Райкомовец в лицах расписывал, кто о чем после этого выступления говорил, но результат остался один: Карманову поставили на вид и отпустили с миром.
«Вот чертов Дон-Кихот!» Эту реплику изрек управляющий трестом товарищ Лысов, в чье подчинение входил Карманов, и который, в отличие от начальника управления, получил на этом бюро выговор с занесением. А ведь не ждал ни единой тучки. Ну что́, скажите, мешало Карманову получить уже заготовленный ему выговор и обеспечить спокойную жизнь своему шефу?
Сели за стол.

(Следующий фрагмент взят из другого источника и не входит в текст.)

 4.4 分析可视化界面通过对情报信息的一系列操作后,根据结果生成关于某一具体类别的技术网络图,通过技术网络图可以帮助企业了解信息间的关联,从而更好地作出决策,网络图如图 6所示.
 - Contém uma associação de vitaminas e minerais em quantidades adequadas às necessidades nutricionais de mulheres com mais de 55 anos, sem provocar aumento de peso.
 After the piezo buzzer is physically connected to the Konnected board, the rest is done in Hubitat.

Карманов сказал:
— Пить-то мне, Иван Викторович, совсем нельзя.
— Я тоже месяцев пять уже не нюхал. Обойдемся, полагаю.
— А так даже лучше. А похудели вы, Иван Викторович.
— Медики говорят, что для меня это благо.

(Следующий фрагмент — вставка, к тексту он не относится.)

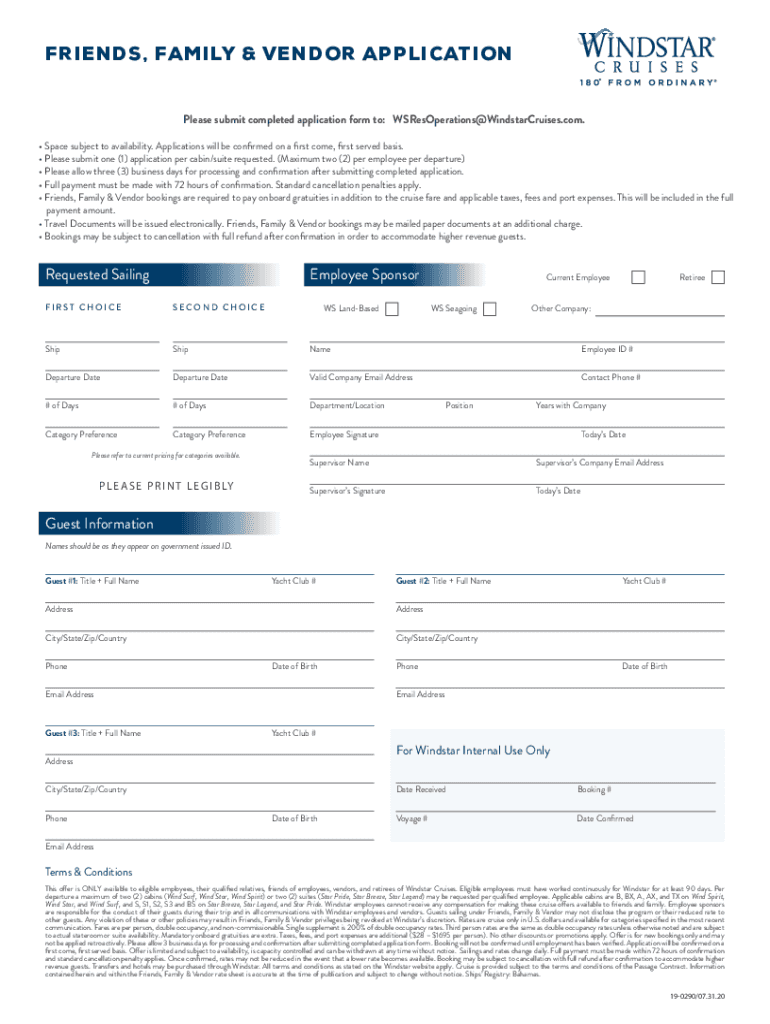 FRIENDS, FAMILY & VENDOR APPLICATION Please submit completed application form to: WSResOperations@WindstarCruises.com. Space subject to availability. Applications will be confirmed on a first come,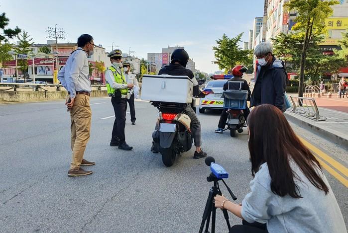 경기 수원시 장안구는 소음공해에 따른 주민불편을 해소하기 위해 이달부터 두 달간 수원중부경찰서·한국교통안전공단과 함께 이륜차 합동단속을 추진한다. 사진은 최근 관계자들이 이륜차 배기소음을 측정하고 있는 모습. (사진제공=장안구청)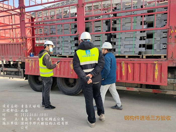 燁興公司是亞洲杯青島青春足球場(chǎng)項(xiàng)目的參建單位,負(fù)責(zé)主場(chǎng)館ETFE膜結(jié)構(gòu)部分的深化設(shè)計(jì)及施工安裝。根據(jù)派駐現(xiàn)場(chǎng)的項(xiàng)目經(jīng)理反饋,近期我們的膜單元樣品已經(jīng)驗(yàn)收通過(guò),目前正在進(jìn)行二次鋼構(gòu)部件的加工安裝,鋁型材支架及ETFE膜原材料也備好在工廠,隨時(shí)準(zhǔn)備加工出貨,春節(jié)年后工程將迎來(lái)快速施工周期。
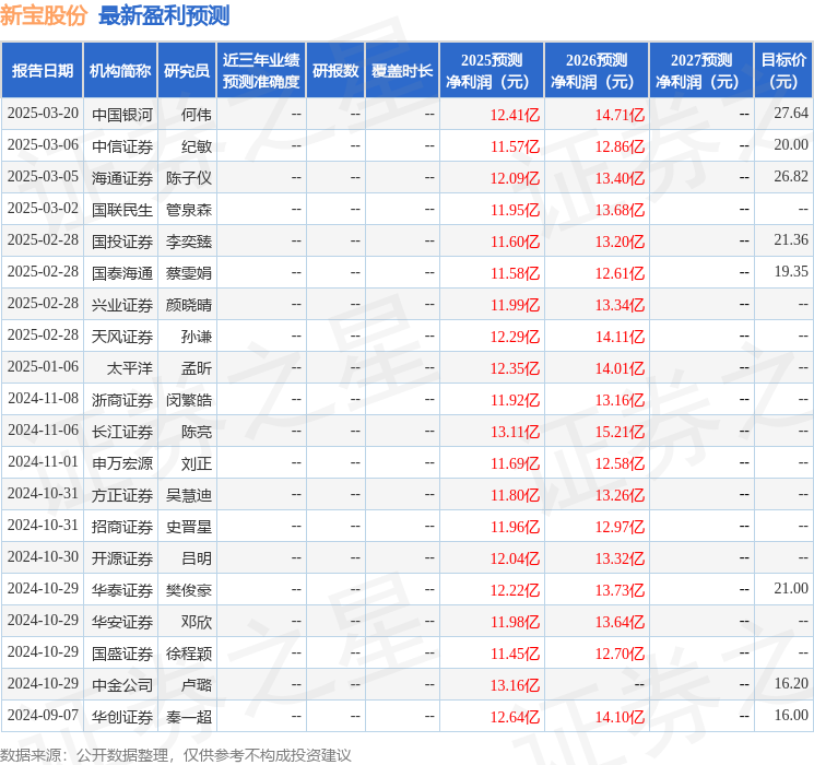 最新盈利预测明细如下: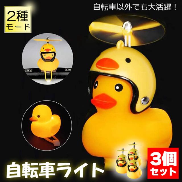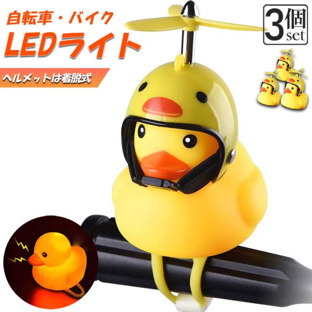 自転車ライト 黄色アヒル 3個セット 可愛い 自転車ベル プロペラ搭載 音が出る 振動 ライト点滅 夜間走行に バイク 車にも ヘルメットにプロペラ付き 車内インテリア 取付簡単 夜間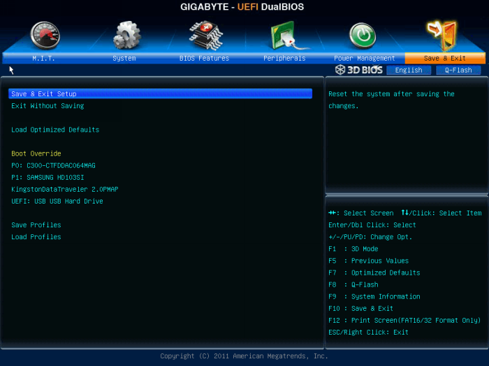 Наконец, мы дошли до последней вкладки, именуемой Save & Exit. Если по какой-то причине вам не нравится нажимать F10 для того чтобы сохранить настройки и перезапустить систему, вы можете сделать это здесь. Также можно выйти без сохранения — в данном случае начнется загрузка операционной системы (без лишней перезагрузки ПК). Те, кому не нравится клавиша F7, в одноименном пункте меню могут сбросить параметры на стандартные. Для тех, кто не желает нажимать F12 при старте системы, чтобы выбрать с чего загружаться, или для тех, кто, бродя по BIOS, вспомнил, что хотел загрузиться с другого носителя, предназначен список Boot Override.

— Да-да… И все ж, что там у вас стряслось?
— Тяжко.
— Сейчас должно быть вам полегче. Слыхал, закрутили дело. А я вот газетки почитываю, в поликлинику хожу, футбол, хоккей по телевизору проглядываю. Сроду его не глядел, а теперь на все времечка хватает. Управляющий трестом даже слезы утирал, когда пенсионный подарок вручал. Да-а-а. Жизнь пошла.
— Опереться не на кого, Василий Павлович. Вроде и крепкие ребята рядом, а сам не проследишь — прогорело. Ну как же так?
— А что ж тут странного? Вы ж все сами и сотворили. Под все плечи подставляете. Вот у них и расчет: Туранов, коли что, исправит, наставит на ум-разум. За вашей спиной им легче.
— Мне-то за чьей бы спиной? — буркнул Туранов.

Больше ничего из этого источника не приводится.